### Exercise goal
The lines to copy run from the one containing "为进一步提升新生入馆教育工作" to the end of the records below; repeat them exactly and include nothing else.

### Stored data
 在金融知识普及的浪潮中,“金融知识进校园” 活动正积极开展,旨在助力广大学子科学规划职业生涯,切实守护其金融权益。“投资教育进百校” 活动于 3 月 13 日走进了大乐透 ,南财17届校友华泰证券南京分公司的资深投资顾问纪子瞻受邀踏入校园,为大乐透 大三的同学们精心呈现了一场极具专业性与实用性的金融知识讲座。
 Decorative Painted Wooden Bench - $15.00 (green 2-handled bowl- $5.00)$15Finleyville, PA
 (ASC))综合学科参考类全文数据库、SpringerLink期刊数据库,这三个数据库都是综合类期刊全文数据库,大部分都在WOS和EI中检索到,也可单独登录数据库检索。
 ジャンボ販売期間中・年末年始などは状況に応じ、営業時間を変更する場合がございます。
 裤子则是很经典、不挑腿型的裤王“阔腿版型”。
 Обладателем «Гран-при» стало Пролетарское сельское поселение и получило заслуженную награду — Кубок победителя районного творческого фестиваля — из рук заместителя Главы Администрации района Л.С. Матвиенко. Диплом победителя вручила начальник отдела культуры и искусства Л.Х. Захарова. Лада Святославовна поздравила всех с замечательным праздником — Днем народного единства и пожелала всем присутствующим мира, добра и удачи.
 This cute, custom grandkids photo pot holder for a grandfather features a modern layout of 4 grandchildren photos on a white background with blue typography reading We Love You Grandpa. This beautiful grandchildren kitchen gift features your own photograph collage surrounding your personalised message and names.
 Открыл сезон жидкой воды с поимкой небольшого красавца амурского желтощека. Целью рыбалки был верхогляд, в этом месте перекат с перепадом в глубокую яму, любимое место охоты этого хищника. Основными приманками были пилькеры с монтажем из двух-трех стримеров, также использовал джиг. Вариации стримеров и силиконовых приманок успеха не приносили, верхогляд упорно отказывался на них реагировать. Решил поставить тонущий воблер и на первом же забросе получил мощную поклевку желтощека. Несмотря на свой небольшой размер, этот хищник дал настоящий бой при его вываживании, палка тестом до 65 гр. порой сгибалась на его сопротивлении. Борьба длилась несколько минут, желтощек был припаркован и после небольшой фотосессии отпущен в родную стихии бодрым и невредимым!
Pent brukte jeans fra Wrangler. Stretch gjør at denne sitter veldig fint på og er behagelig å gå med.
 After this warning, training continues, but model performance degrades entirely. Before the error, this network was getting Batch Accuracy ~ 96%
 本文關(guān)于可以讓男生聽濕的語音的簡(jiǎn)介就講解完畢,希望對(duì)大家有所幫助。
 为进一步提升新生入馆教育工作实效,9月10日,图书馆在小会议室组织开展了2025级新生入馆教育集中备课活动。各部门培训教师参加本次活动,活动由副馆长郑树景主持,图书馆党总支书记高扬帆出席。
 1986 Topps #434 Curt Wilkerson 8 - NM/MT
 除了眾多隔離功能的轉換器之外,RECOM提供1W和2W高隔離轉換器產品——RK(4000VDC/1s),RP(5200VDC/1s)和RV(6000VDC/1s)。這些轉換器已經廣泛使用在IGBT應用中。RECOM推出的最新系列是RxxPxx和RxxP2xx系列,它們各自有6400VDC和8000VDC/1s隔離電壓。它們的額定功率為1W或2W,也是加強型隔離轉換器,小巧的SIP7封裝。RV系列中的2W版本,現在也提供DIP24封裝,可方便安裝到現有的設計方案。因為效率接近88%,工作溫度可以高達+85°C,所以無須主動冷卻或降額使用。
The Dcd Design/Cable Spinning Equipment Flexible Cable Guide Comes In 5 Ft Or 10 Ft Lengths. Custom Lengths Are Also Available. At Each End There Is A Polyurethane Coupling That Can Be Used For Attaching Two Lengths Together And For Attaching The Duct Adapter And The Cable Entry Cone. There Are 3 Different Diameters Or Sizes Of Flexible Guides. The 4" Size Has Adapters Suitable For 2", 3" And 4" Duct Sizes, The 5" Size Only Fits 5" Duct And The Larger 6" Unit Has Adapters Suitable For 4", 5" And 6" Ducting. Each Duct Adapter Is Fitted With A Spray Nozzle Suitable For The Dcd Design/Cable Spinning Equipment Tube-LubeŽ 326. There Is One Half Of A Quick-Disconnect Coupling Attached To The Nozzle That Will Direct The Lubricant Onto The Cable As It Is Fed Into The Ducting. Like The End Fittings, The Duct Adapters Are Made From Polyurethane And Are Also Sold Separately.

### Answer area
 为进一步提升新生入馆教育工作实效,9月10日,图书馆在小会议室组织开展了2025级新生入馆教育集中备课活动。各部门培训教师参加本次活动,活动由副馆长郑树景主持,图书馆党总支书记高扬帆出席。
 1986 Topps #434 Curt Wilkerson 8 - NM/MT
 除了眾多隔離功能的轉換器之外,RECOM提供1W和2W高隔離轉換器產品——RK(4000VDC/1s),RP(5200VDC/1s)和RV(6000VDC/1s)。這些轉換器已經廣泛使用在IGBT應用中。RECOM推出的最新系列是RxxPxx和RxxP2xx系列,它們各自有6400VDC和8000VDC/1s隔離電壓。它們的額定功率為1W或2W,也是加強型隔離轉換器,小巧的SIP7封裝。RV系列中的2W版本,現在也提供DIP24封裝,可方便安裝到現有的設計方案。因為效率接近88%,工作溫度可以高達+85°C,所以無須主動冷卻或降額使用。
The Dcd Design/Cable Spinning Equipment Flexible Cable Guide Comes In 5 Ft Or 10 Ft Lengths. Custom Lengths Are Also Available. At Each End There Is A Polyurethane Coupling That Can Be Used For Attaching Two Lengths Together And For Attaching The Duct Adapter And The Cable Entry Cone. There Are 3 Different Diameters Or Sizes Of Flexible Guides. The 4" Size Has Adapters Suitable For 2", 3" And 4" Duct Sizes, The 5" Size Only Fits 5" Duct And The Larger 6" Unit Has Adapters Suitable For 4", 5" And 6" Ducting. Each Duct Adapter Is Fitted With A Spray Nozzle Suitable For The Dcd Design/Cable Spinning Equipment Tube-LubeŽ 326. There Is One Half Of A Quick-Disconnect Coupling Attached To The Nozzle That Will Direct The Lubricant Onto The Cable As It Is Fed Into The Ducting. Like The End Fittings, The Duct Adapters Are Made From Polyurethane And Are Also Sold Separately.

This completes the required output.